These are some flaws I'm homebrewing for a 3.5 campaign I'm trying to organize in my area.
All classes from the PHB are banned in this campaign. Only base classes from the following sources are allowed:
Expanded Psionics Handbook
Mind's Eye (the Psychic Rogue, I mean)
Tome of Battle (unarmed swordsage allowed, arcane swordsage banned)
Magic of Incarnum

Now, some of the players sound like they'll miss the flavor of the PHB classes, and may reskin classes to look more like wizards and druids. This is allowed, and I'm writing up some flaws to help adapt psionic classes to that end.
Players may take up to two flaws to gain two additional feats at character creation.

Here are the flaws:

Metal Allergy: You can't use psionic powers, psi-like abilities, or supernatural abilities while wearing metal (or crystal) armor.

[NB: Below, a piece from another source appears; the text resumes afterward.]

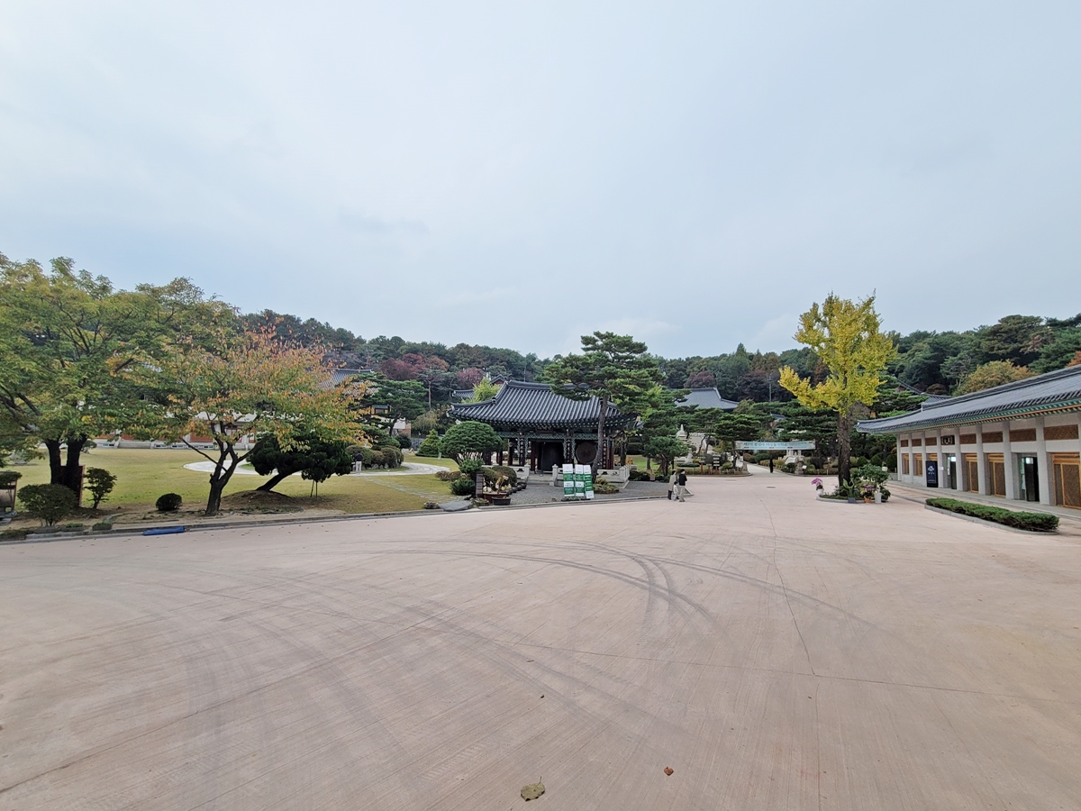 봉녕사 주차장은 아주 넓어서 일반 승용차와 대형 버스까지 주차할 수 있습니다. 제가 법회가 있는 일요일 방문했는데도 여유가 있었고요, 주차료는 무료입니다. 주차장을 둘러싸고 있는 나무들도 가을 색으로 갈아입고 있습니다.

Piety: You can't use psionic powers, psi-like abilities, or supernatural abilities unless you are wearing or holding a divine focus.

Daily Prayer: Choose a deity, a cardinal direction, and a time of day. You can't recover power points or daily abilities after a rest unless you've prayed to the chosen deity at the chosen time while facing the chosen direction within the last 24 hours.

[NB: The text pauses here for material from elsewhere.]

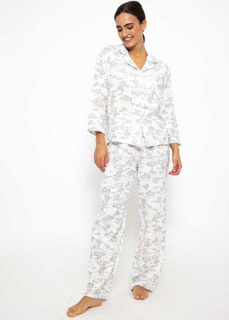 These pajama shorts feature a loose fit and an elastic waistband. The highlight is the stunning landscape print, which adds an idyllic touch. Made from high-quality cotton muslin, these sleep shorts offer excellent breathability. The SASSYCLASSY logo bow on the waistband adds a playful accent and gives these pajama shorts a distinctive touch. Paired with the matching short or long pajama shirt from the same series, these pajamas become a symbiosis of style and comfort.
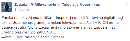 Da je na niškim medijima zbog najave inspekcije “zavladala panika” na društvenoj mreži “Fejsbuk” javnost je obavestio vlasnik TV „Kopernikus“ Zvezdan Milovanović komentarom da su „inspekcija rada i radovi na digitalizaciji ukinuli jutarnje programe na nekim televizijama“.

Code of Conduct: Choose any lawful and/or good alignment. You can't use psionic powers, psi-like abilities, or supernatural abilities unless your alignment matches the chosen alignment.


...And here are some more, just for fun.

Nightmare: Whenever you rest, you must make a Will save or Autohypnosis (DC equals 10 +CR of most recent encounter) or your rest is interrupted. In addition, the dungeon master may make you role play plot-relevant dream sequences containing important exposition.

Critical Fumble: Whenever you roll a natural 1 on a skill check, something hilarious and contrived happens! (I actually hate critical fumble rules, but I understand that some players expect them so I'll make it an opt-in thing.)

Delicious Brains: Your grey-matter is delicious. Aberrations gain a +2 racial bonus to attack rolls against you.

JoshuaZ
2017-02-03, 12:54 PM
Unless aberrations are essentially the only enemy that last flaw is much much less of a hassle than the others. Piety is also a very weak flaw.

icefractal
2017-02-03, 02:05 PM
Metal Allergy and Piety seem about right - they're not too hard to work around, but neither are many of the existing flaws, so sure.

Daily Prayer - possibly too harsh, since it can be prevented by inconveniently timed events as well as simply being underground and not knowing the correct direction/time. Maybe allow two different times they can pray during the day? And/or make the time a moderately large window like an hour?

Code of Conduction: You just have to keep your alignment the same as when you started - not much of a flaw.

Nightmare - Not too hard to deal with if you put points in Autohypnosis, but it is some risk and flavorful - good one. Probably my favorite of these.

Critical Fumble - Looks good. Probably one of the harsher flaws technically speaking, but since people who take it will be desiring that kind of outcome, I don't forsee any complaints.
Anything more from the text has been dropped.